For sheer size, it’s hard to beat the incredible volume of water that exists on our planet. If you filled a glass with all the water in the world, the glass would have to be seven hundred miles high and seven hundred miles wide. (And if you think that’s hard to swallow, just remember that’s all the water we’ve ever had—or will ever have.)
The trouble with water—and there is trouble with water—is that they’re not making any more of it. They’re not making any less, mind you, but no more either. There is the same amount of water on the planet now as there was in prehistoric times. People, however, they’re making more of—many more, far more than is ecologically sensible—and all those people are utterly dependent on water for their lives (humans consist mostly of water), for their livelihoods, their food, and increasingly, their industry. Humans can live for a month without food but will die in less than a week without water.
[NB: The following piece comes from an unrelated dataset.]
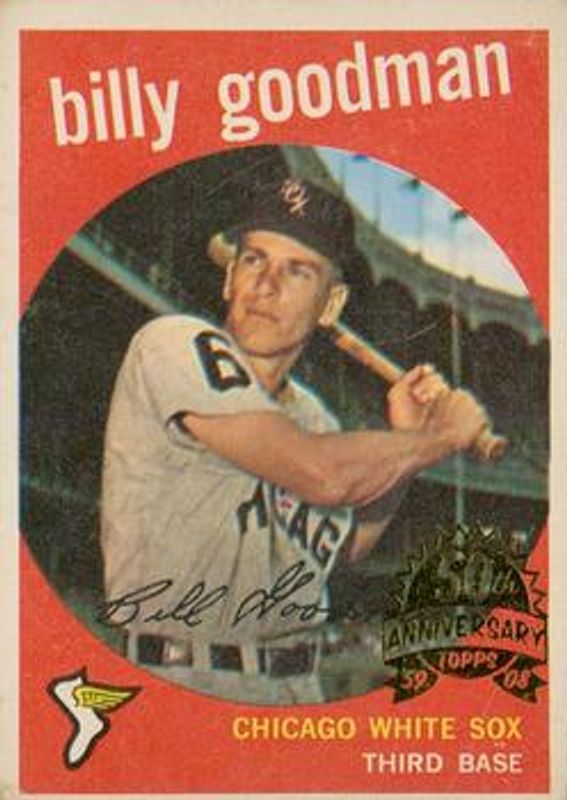 Billy Goodman's Baseball cards are available in at least 18 sets. Billy Goodman's biggest 7-day price movers are 2008 Topps Heritage #103 50th Anniversary Buybacks, 2009 Topps Heritage #69 50th Anniversary Buybacks, and 2010 Topps Heritage #247 50th Anniversary Buybacks.

Humans consume water, discard it, poison it, waste it, and restlessly change the hydrological cycles, indifferent to the consequences: too many people, too little water, water in the wrong places and in the wrong amounts.
—MARQ DE VILLIERS,
Water: The Fate of Our Most Precious Resource, 2000
FACT
97.5 percent of all the water on earth is undrinkable seawater. Of the remaining 2.5 percent, nearly two-thirds is locked up in polar ice caps. The remaining third is all ours, except half of that is considered polluted by most international standards.


2

It’s So Wet

Okay, so maybe you want to know a little chemistry. Water consists of two parts hydrogen and one part oxygen. There’s no shortage of these elements in the universe. Yet, for reasons that remain largely unknown, very few planets have such an abundance of liquid water. One theory suggests that the earth was basically pelted early on by extraterrestrial snowballs the size of Manhattan. As things heated up, the ice melted, and oceans formed.
Water is fundamental for life and health. The human right to water is indispensable for leading a healthy life in human dignity. It is a prerequisite to the realization of all other human rights.
—THE UNITED NATIONS COMMITTEE ON
ECONOMIC, CULTURAL AND SOCIAL RIGHTS,

Environment News Service, November 27, 2002
Water is the basis of life and the blue arteries of the earth! Everything in the nonmarine environment depends on freshwater to survive.
—SANDRA POSTEL, “Global Water Policy Project,” Grist Magazine, April 26, 2004
FACT
Water is the essential ingredient to life as we know it—and most likely a common requirement for life elsewhere. Scientists believe that Europa, an ice-encrusted moon of Jupiter, may contain life because it has heat from volcanic activity to maintain liquid water and dissolve chemicals essential for living organisms.


3

Now That I’m on the Water Cycle, How Do I Get Off?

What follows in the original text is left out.